Bruno Devauchelle, enseignant chercheur à l’université de Poitiers, a ensuite tenté de faire le point sur les pédagogies en lien avec le numérique. Constatant qu’il fallait prendre soin de la variété des contextes pour parler des usages du numériques, il a essayé de montrer combien l’action des enseignants se trouvait « gênée » par le numérique : non seulement les machines encombrent le paysage de la classe, mais aussi le numérique traverse les élèves et fait irruption dans un quotidien dont les limites ne sont plus les seuls murs de l’établissement scolaire. Sa conclusion a été de dire qu’il n’y a pas de pédagogie numérique, mais des pédagogies à l’ère du numérique. Pour développer ces pédagogies, outre les contextes, il y a aussi la nécessité d’une culture personnelle de l’enseignant qui lui permette d’accompagner les élèves, considérés ici aussi comme des jeunes, mais aussi de les aider à structurer leur environnement de vie envahit par le numérique.

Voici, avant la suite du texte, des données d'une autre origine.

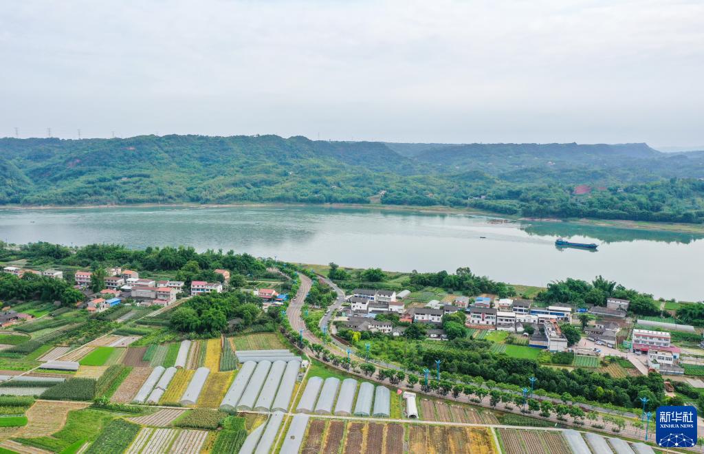 這是6月29日在四川省宜賓市南溪區長江邊拍攝的長江村和“菜稻菜”蔬菜示范基地(無人機照片)。
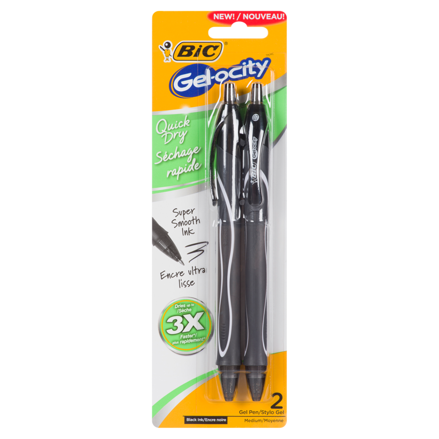 BIC Gel-ocity Quick Dry Gel Pen, Medium Point (0.7mm), Black, 2 Count
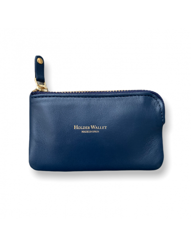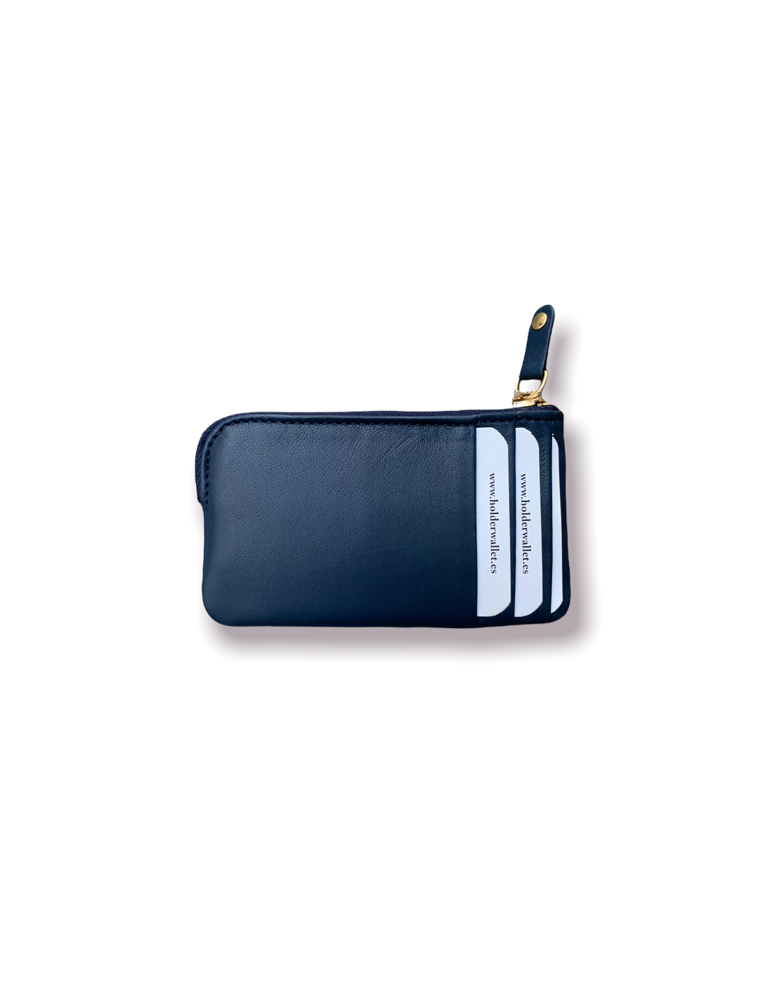 •Monedero tarjetero azul 100% piel con cremallera, consta con tres ranuras para tarjetas en su reverso y en cada ranura caben más de una tarjeta, en su apertura superior consta de una cremallera para monedas y billetes.
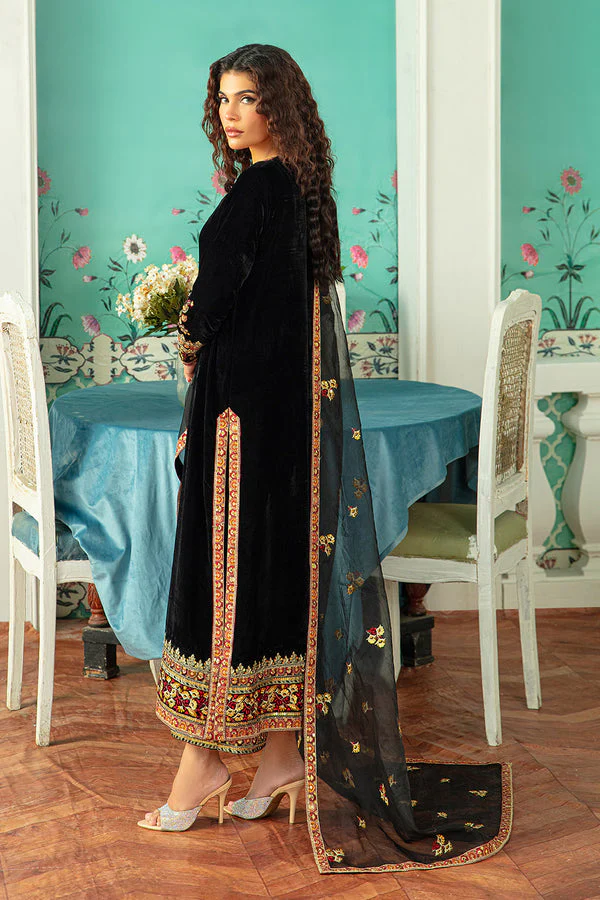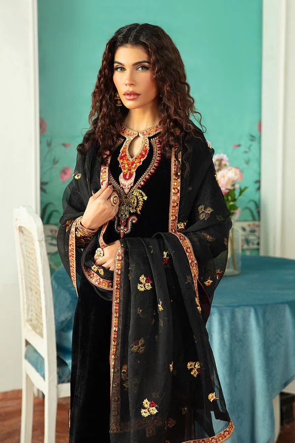 Silk velvet for kameez, gharara/salwar, and dupatta with intricate embroidery work.
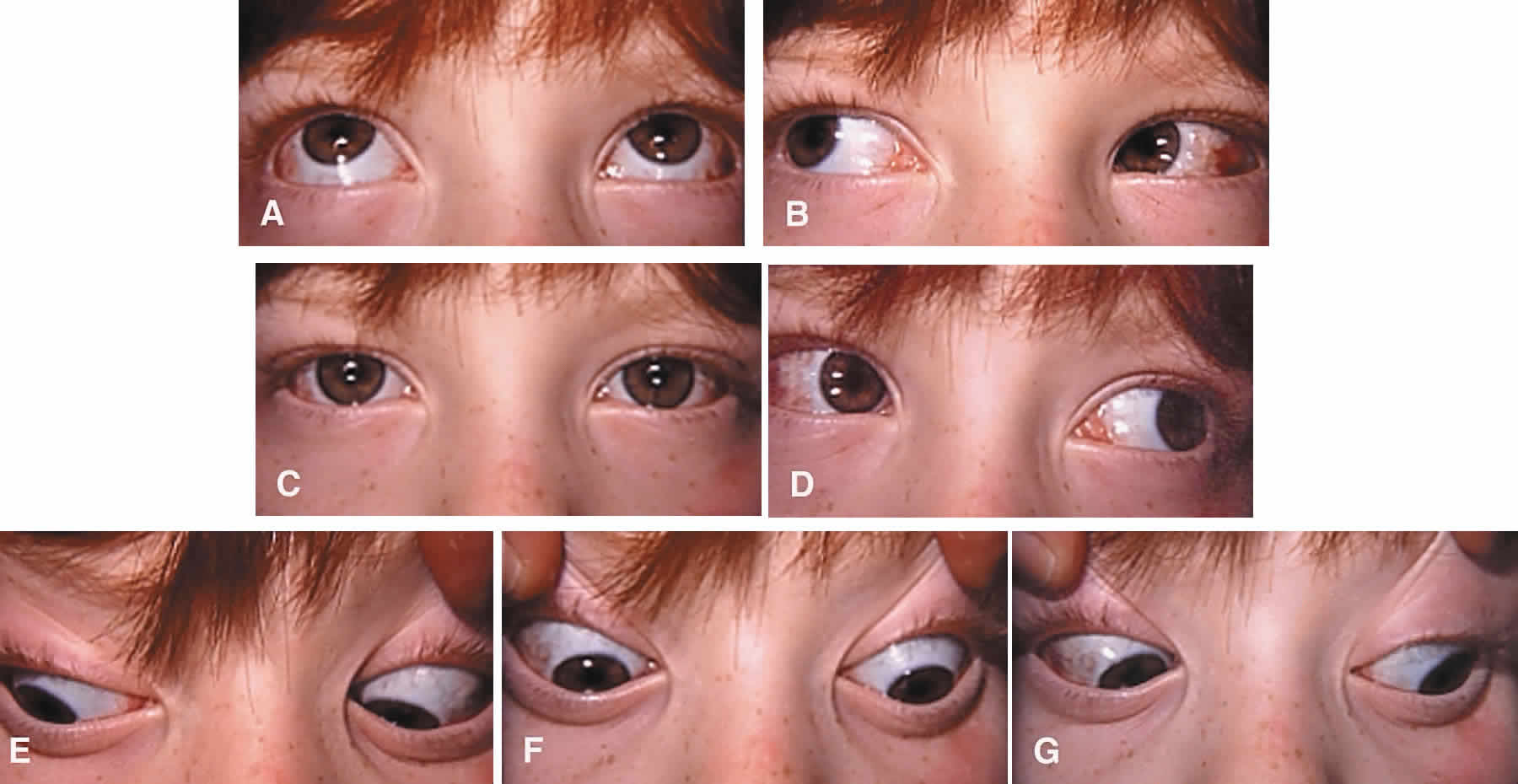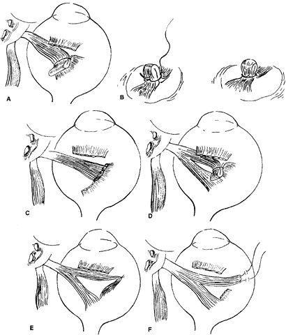 position. INDICATIONS: BROWN'S SYNDROME Brown's syndrome is a well-defined clinical disorder with several possible etiologies that can be either congenital or acquired.65–68 Brown's syndrome is characterized by limitation of elevation of the affected eye, particularly in adduction, typically caused by abnormalities of the trochlea and superior oblique tendon. Although elevation is typically normal or near normal in abduction, there is a characteristic “down shoot” of the affected eye when directed from primary position into adduction. Forced ductions are abnormal and usually characterized by an abrupt, absolute limitation of elevation in adduction. The elevation deficiency is made worse by retropulsion of the globe into the orbit. To ensure proper treatment, Brown's syndrome must be distinguished from other forms of monocular elevation deficiency such as superior rectus muscle palsy (sometimes called “double elevator palsy”), primary inferior rectus muscle fibrosis, inferior oblique muscle palsy (exceedingly rare), and pseudo-Brown's syndrome secondary to an orbital floor fracture or other causes of orbital restriction.69–71 Although stripping of the superior oblique tendon “sheath” has been advocated in the past, this surgical approach undoubtedly arose from a misunderstanding of the pathophysiology of this disorder. Most patients with congenital Brown's syndrome appear to have an intrinsic abnormality of the trochlea or proximal tendon limiting movement through a nonyielding trochlear tunnel.66 A few cases may be caused by abnormal leashes or bands extending from the trochlea to the globe, similarly limiting elevation of the eye.72 Other theories have also been proposed.7,65,73,74 Regardless of cause, effective treatment usually requires severing the superior oblique tendon between the trochlea and scleral insertion either by tenotomy or tenectomy. Most patients who require corrective surgery have congenital Brown's syndrome. Acute onset Brown's syndrome is usually inflammatory or posttraumatic in etiology and may improve or resolve spontaneously. Congenital Brown's syndrome or chronic acquired Brown's syndrome that does not respond to steroids or other appropriate treatment may be treated surgically. The most common indication for surgical correction is a chin-up head posture or face turn away from the affected eye. This usually allows the patient to achieve fusion. Additional surgical indications include pain (typically over the trochlea), diplopia, and cosmetic disfigurement. It is not uncommon for parents of children with Brown's syndrome to believe the problem resides in the normal fellow eye, which appears to elevate excessively on attempted up gaze. Surgery is appropriate for patients with moderate-to-severe involvement, providing there is no reasonable expectation of spontaneous improvement. INDICATIONS: A-PATTERN STRABISMUS A-pattern strabismus is characterized by greater esotropia (or less exotropia) in up gaze and greater exotropia (or less esotropia) in down gaze. Although the difference can be as little as 10 PD, it is often much greater in magnitude, sometimes exceeding 100 PD in extreme down gaze. When a large A-pattern is associated with superior oblique muscle overaction, superior oblique muscle weakening is usually indicated. In most cases, the procedure of choice is bilateral superior oblique tendon tenotomy. Patients undergoing this operation should have unequivocal overaction of both superior oblique muscles. This finding is typically accompanied by a right hypertropia in right lateral gaze and a left hypertropia in left lateral gaze. Inferior oblique muscle underaction should be present and is associated with tight (but not restricted) superior oblique muscles on forced duction testing. If any doubt exists, objective incyclotropia on fundus examination is a useful way of confirming the presence of true superior oblique muscle overaction.75 Double Maddox rod testing may occasionally help document the presence of incyclotropia. Because bilateral superior oblique tendon tenotomy is a powerful operation, it is rarely appropriate when there are less than 40 PD of A-pattern or λ-pattern and should be avoided in the absence of inferior oblique muscle under action. Although a few patients undergo superior oblique tendon tenotomies as an isolated procedure, most also require surgery on one or more horizontal rectus muscles. It is therefore imperative that primary gaze position alignment be measured carefully, without the patient assuming a chin-up or chin-down head posture. Disregarding the patient's head position can lead to serious mismeasurement of the horizontal deviation. Patients with asymmetric superior oblique muscle overaction often have a manifest vertical deviation in primary gaze position. In these cases, differential or even unilateral superior oblique muscle weakening may be indicated. Symmetric superior oblique weakening rarely corrects fully the primary gaze position hypertropia and leaves residual oblique muscle dysfunction postoperatively. The vertical deviation usually represents a “spillover” of the hypotropia of the more overacting superior oblique muscle into primary gaze position. If an esotropia is also present, measurements should be obtained with each eye fixating in primary gaze to confirm that the hypertropia does not reverse, which would indicate the need for bilateral surgery. Asymmetric superior oblique muscle weakening can be accomplished using various techniques. As a general rule, the more extensive the dissection of the intermuscular septum surrounding the superior oblique tendon or the closer to the trochlea the tenotomy is performed, the greater the weakening effect will be. Tenotomy and tenectomy at the medial border of the superior rectus muscle are the most powerful operations. Less effective are tenotomy at the scleral insertion (disinsertion), recession or other tendon lengthening procedures, and posterior fibe

Avant de finir la journée, jean Loup Burtin responsable du numérique pour le premier degré à la DGESCO nous a montré qu’il y avait la volonté de poursuivre le développement des usages, du partage d’expériences (Primtice). Cette volonté, bien que modeste en termes de moyens humains, est réelle et l’arrivée des tablettes numériques est une opportunité pour tenter d’aller plus loin. C’est en particulier dans un domaine particulier qu’il nous a présenté : l’accès aux textes littéraires par le numérique à l’école primaire. En nous montrant le potentiel des logiciels de lecture enrichie de livres numériques sur tablette au travers de quelques exemples simples, il a su nous amener à penser que des outils plus perfectionnés pourraient bien accompagner de mieux en mieux les enseignants dans cette tâche délicate et ainsi faciliter les apprentissages.

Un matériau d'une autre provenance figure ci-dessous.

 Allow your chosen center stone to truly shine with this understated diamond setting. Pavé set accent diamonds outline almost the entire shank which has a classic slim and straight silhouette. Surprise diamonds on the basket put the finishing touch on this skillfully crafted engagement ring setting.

Alain Van Sante, IA IPR d’Economie Gestion et conseiller TICE du recteur de Rennes, a dressé un portrait de l’avancée qui était en cours dans le domaine du numérique. Avec honnêteté, il a permis à chacun de mesurer la complexité de la tâche (en nous montrant par exemple la montée en puissance des usages des espaces en ligne), aussi bien au niveau des infrastructures (incluant la maintenance) que de la formation des enseignants, de l’équipement des établissements et la mise à disposition de ressources. C’est sur ces quatre piliers qu’est fondé le développement du numérique en éducation dans la région. A chacun de s’engager, suite à une telle journée qui a connu un succès inattendu pour ses organisateurs, pour transformer tout cela en pratiques effectives, dans les classes au service des élèves.